According to the news agency AFP, Sri Lankan President Ranil Wickremesinghe has banned the import of home appliances, equipment, and sports goods, among others.
Sri Lanka, a country with a population of 2.2 million, is unable to purchase essential commodities due to the lack of foreign exchange reserves.
Last week, Sri Lanka’s central bank announced that foreign exchange reserves had improved, but the government still banned the import of more goods. Sri Lanka’s economy is likely to shrink by 8 percent this year, while inflation will reach 65 percent by September .Dwindling foreign exchange reserves and over $50 million in foreign debt forced Sri Lanka into bankruptcy.
Negotiations with the Sri Lankan officials of the International Monetary Fund (IMF) are expected on Wednesday to get out of the financial crisis. There may be delays. Remittances from migrants, Sri Lanka’s largest source of foreign exchange, fell by 50 percent to $1.6 billion.
It should be noted that last month the World Bank has announced that it will not provide further financial assistance to Sri Lanka unless the country suffering from economic difficulties introduces large-scale structural reforms.
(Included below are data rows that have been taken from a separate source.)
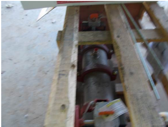
Construction dirt on valve assembly. Protect stored material.
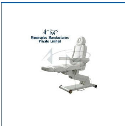
FULLY AUTOMATIC DERMATOLOGY CHAIR

110 KG Manual Dermatology Chair, Abs Bedside Locker, Apple 4 Mobile Led OT Light, Attendant Bed Cum Chair, Bar Stool Chair, Blood Collection Chair Folding Footrest, Blood Donor Chair, Blood Phlebotomy Chair, Blood Sample Collection Table, Crop Table Chair, Delivery And Labour Table, Delux Bedside Locker, Derma Chair With Detachable Pillow, Dermatology Procedure Chair, Electric Derma Bed, etc.
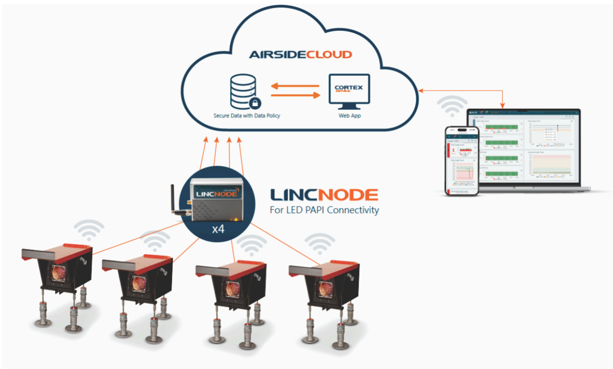
Figure 2. LINC Node PAPI Connect
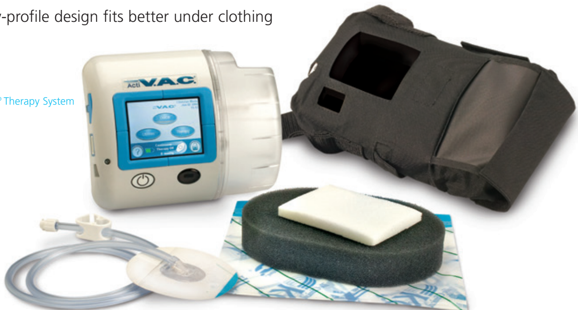
ActiV.A.C.® Therapy System

The World Bank had said that although it was concerned about the impact of the economic crisis on the people of Sri Lanka, fnds would not be disbursed until necessary reforms were introduced.
The World Bank added in a statement that it does not intend to provide further aid to Sri Lanka until the economic policy framework is in place.
The World Bank has emphasized the need for reforms that focus on bringing about economic stability and consider all the factors that led to the economic crisis.